We did not include studies that used PCR as part of a multistep algorithm and cannot address the role of PCR in that setting. Given the need to rapidly diagnose CDI, multistep testing algorithms may not offer an advantage but may be used for cost savings.
Our analysis extends the results of a recently published meta-analysis that compared PCR for diagnosis of CDI.64 Deshpande et al64 conducted a search of 4 databases and identified 19 articles published between January 1995 and September 2010. Inclusion and exclusion criteria were similar to those in the present study, although our search identified 2 additional studies that were published after the search dates used by Deshpande and colleagues. The reference standards used were also the same, although toxigenic culture and cytotoxicity assay were combined for the main analysis by Deshpande and colleagues, whereas we opted to separate these 2 groups because of their heterogeneity and to prevent double counting of populations in studies that used 2 reference standards.

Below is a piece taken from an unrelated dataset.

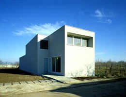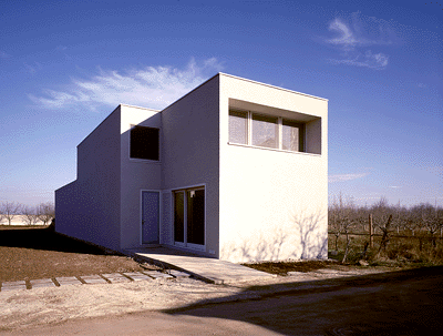 Der sinnvolle und vernünftige Schritt zurück zu geschlossener Bauweise auf schmalen Handtuchparzellen, wie er im Burgenland von alters her vertraut ist, wurde gekoppelt mit einem nach vorn, was die Disposition auf dem bebaubaren Grundstreifen betrifft, und einem zweiten - vielleicht zur Seite - in den Bereich konkreter Architektur (im Sinn konkreter Kunst) in Form einer teilweise aleatorisch erzeugten Addition von Räumen. Das Muster mag dabei unter anderem vom Streckhof entlehnt sein, ebenfalls einem alten ländlichen Bautyp.

LAMP seems to be a promising test according to current data; however, the high degree of heterogeneity in the study designs tempers any conclusions drawn from aggregate data. Nonetheless, the high degree of performance in each of the 6 studies makes a strong case for continued research into this diagnostic tool.
Polymerase chain reaction is a promising test for diagnosis of CDI, with high sensitivity, specificity, PPV, and NPV. We recommend PCR as a preferred diagnostic test for CDI and further investigation of LAMP as an alternative molecular diagnostic tool. Additional studies are needed to clarify the role of PCR for detection of asymptomatic colonization and to determine whether infection control interventions directed at isolation of the asymptomatic carrier would reduce nosocomial CDI.